West Texas Intermediate (WTI) Crude Oil prices dropped 2.5% on Monday, marking a weak start to the trading week following the Organization of the Petroleum Exporting Countries’ (OPEC) announcement of a tentative plan to increase global oil production. The decision, aimed at balancing supply with rising global demand, raised concerns about oversupply, pressuring oil prices to fresh multi-week lows.
OPEC’s Production Strategy
OPEC’s latest statement signals a “gradual and flexible” increase in voluntary production caps starting in April, contingent on favorable global economic conditions and rising oil demand. However, the cartel emphasized its right to pause or reverse the decision if market fundamentals deteriorate.
Despite OPEC’s coordinated approach, internal divisions among member states could complicate the plan. Historically, some OPEC countries have prioritized selling more crude oil to meet budgetary needs, while others prefer to maintain low output to support higher prices.
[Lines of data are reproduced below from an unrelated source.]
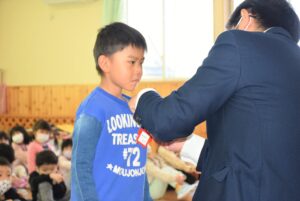 4月10日に入園・進級式を行いました。 新しいクラスでの初めての行事です。 うみ組(2歳児)、もり組(3歳児)、そら組(4歳児)、にじ組(5歳児)が参加し、新入園児と園児代表が賞状を受け取りました。 新しい環境にまだにま…[続きを読む]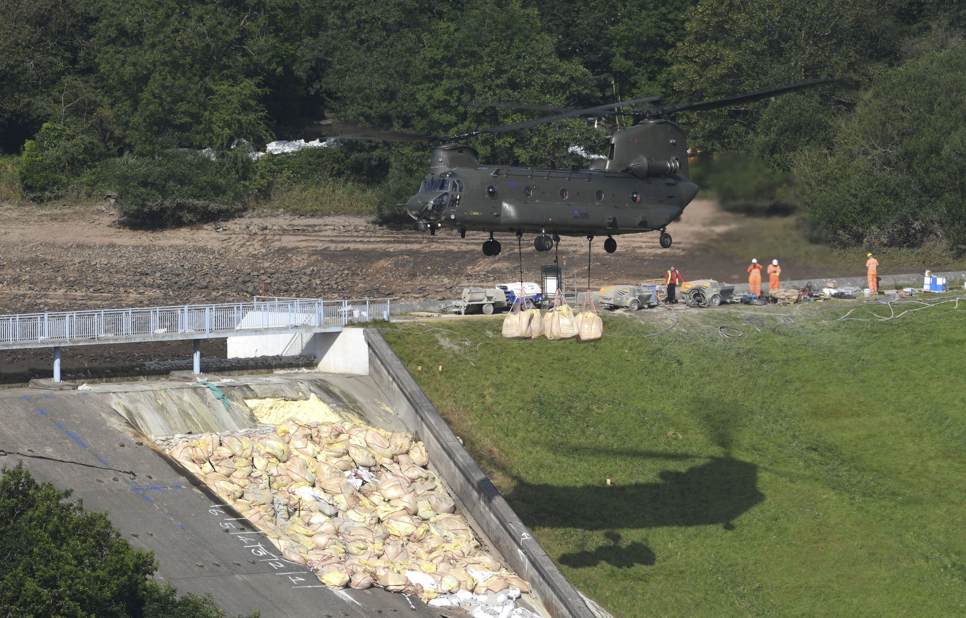 Mit Hubschraubern werden Sandsäcke zur Stabilisierung auf den beschädigten Damm in Whaley geflogen. (Bild: AP)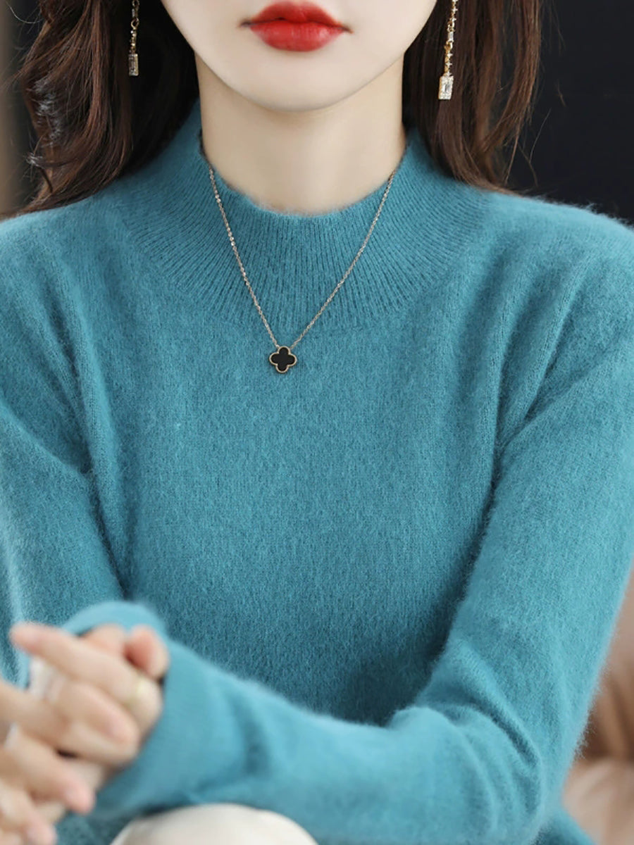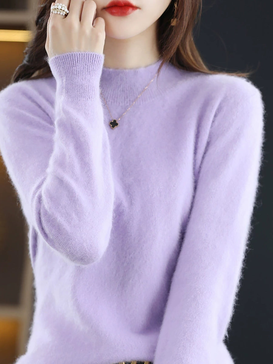 סוודר חצי גולף בצבע טהור באביב מזדמן לנשים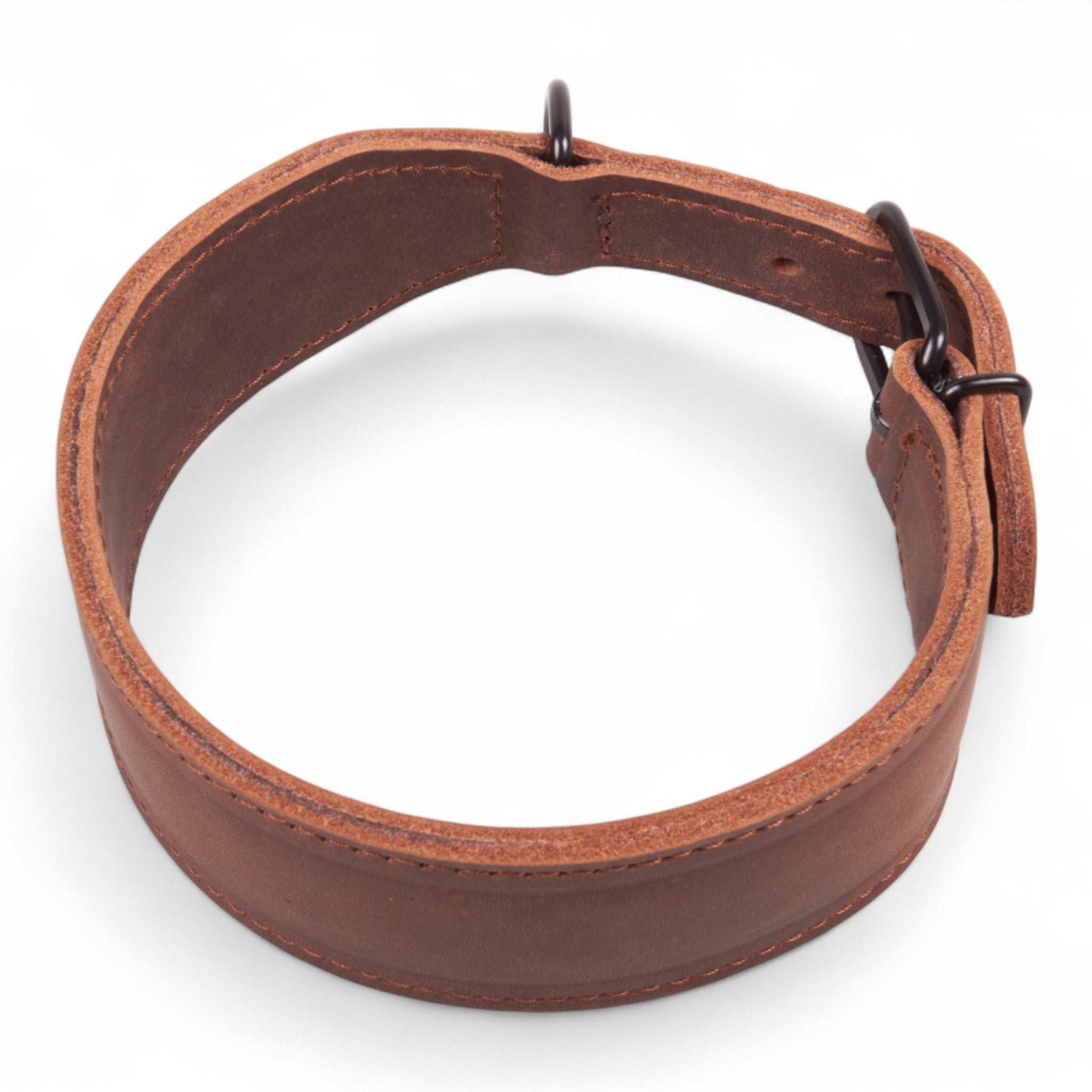 Ein extrabreites Fettlederhalsband mit schwarzen Metallbeschlägen ist ein robustes und stilvolles Accessoire für Hunde, das Komfort und Langlebigkeit bietet. Das breite Lederband sorgt für eine gleichmäßige Verteilung des Drucks auf den Hals des Hundes und bietet dadurch zusätzlichen Schutz.
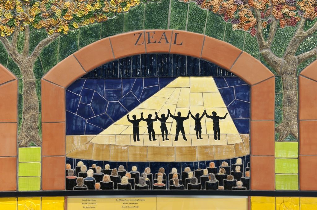 This 60′ ceramic tile mural forms the grand entry of the Performing Arts Center.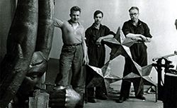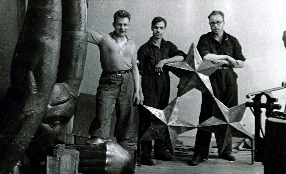 5. Metālmākslinieks Ragnārs Mirsmedens (1889-1989) (Zviedrija) Brīvības tēla kalējs. (otrais no kreisās)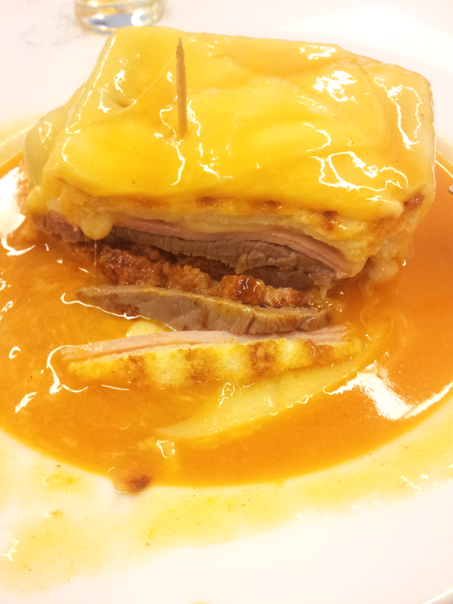 Recetas para replicar la francesinha del Café Santiago puede haber muchas, pero este parece ser un plato muy sensible a los detalles: al pão de forma (pan de molde) se le quitan los bordes y se tuesta previamente de manera de conseguir una consistencia firme para servir como estructura de soporte de todo lo que se le viene encima; el jamón y el chouriço (algo a medio camino entre una longaniza y una butifarra), que va abierto en cortes longitudinales, deben ser de muy buena calidad y gran sabor; la carne de vacuno es tierna y sabrosa, probablemente picanha (punta de ganso) asada, cortada en láminas delgadas; el queso es fundamental, se usa una variedad de queso local, de sabor profundo y una envidiable capacidad de derretirse sin desparramarse; y para qué hablar del molho en base a tomate y cerveza con que se baña finalmente toda la preparación, muy sabroso y con el suficiente picor como para producir una fiesta en el paladar. Con todos esos estímulos aglutinados en la forma de un sánguche con vocación de lasaña, uno sale de aquí rodando y con las endorfinas totalmente revueltas, pero sobre todo con la seguridad de que hay que volver.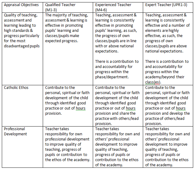 An initial meeting in June of the academic year will focus on identifying future professional development needs and priorities followed by a mid-year review to discuss the impact of the professional development agreed. The mid-year meeting will also be used to record of the contribution to the Catholic Ethos and, where applicable, to the professional development support provided to colleagues. The final review meeting during June will again look at these three issues.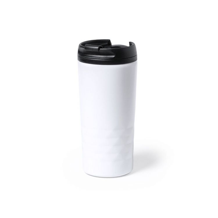 Vaso fabricado en acero inox de 310ml de capacidad. Con tapa dosificador abrefácil y base acolchada de suave espuma. Es ideal para tener en tu escritorio, mesa o en cualquier superficie donde disfrutar tranquilamente de tu bebida favorita. De original acabado brillante y diseño en rombos.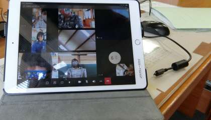 朝の会の時間です。3年生のTeamsに入ってみました。子どもたちはいつもの「タブレットでリモートスピーチ」の最中です。ある子が「ぼくは、ひよこの卵を温める器械を買いました。今日届きます」とスピーチしていました。画面の背景から、その子は教室のベランダからスピーチしているようです。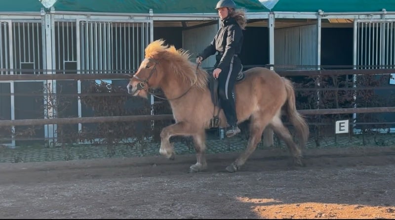 Hamingja es una yegua de cinco aires muy amigable y siempre motivada. Es hija del premiado Omur frá Kvistum. Hamingja ha sido montada ligeramente y muestra bajo la silla un natural tölt muy suelto. Ya ha mostrado prometedores inicios de paso de carrera. Bajo la silla, es muy tranquila después de poco tiempo y siempre quiere hacer todo bien. Por lo tanto, con una formación adicional, también es adecuada para principiantes. Hamingja está sana y se encuentra con nosotros en un grupo mixto.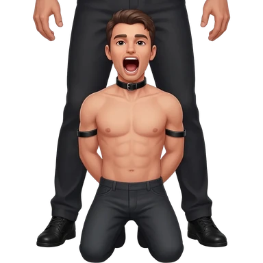 thirty year old nude guy on his knees with mouth wide open and a black leather collar around his neck and hands tied behind his back and a man stands behind him on his feet emoji

The move comes amid pressure from U.S. President Donald Trump, who has consistently advocated for lower oil prices as part of his economic agenda.
WTI Price Performance
Monday’s sell-off pushed WTI crude futures to a fresh 12-week low of $68.25 per barrel, extending the commodity’s losing streak to six consecutive weeks. The bearish momentum follows a rejection from the 50-day Exponential Moving Average (EMA) near $71.50, with prices now well below the 200-day EMA at $73.00—a key technical indicator.
Market Outlook
WTI remains vulnerable to further declines if the oversupply narrative gains traction. The next support level stands at $67.50, with a break below potentially opening the door to $65.00. However, any signs of stronger global demand or supply disruptions could offer a temporary reprieve.
Investors will be closely monitoring global economic data and geopolitical developments for further cues on OPEC’s production policy and the broader demand outlook.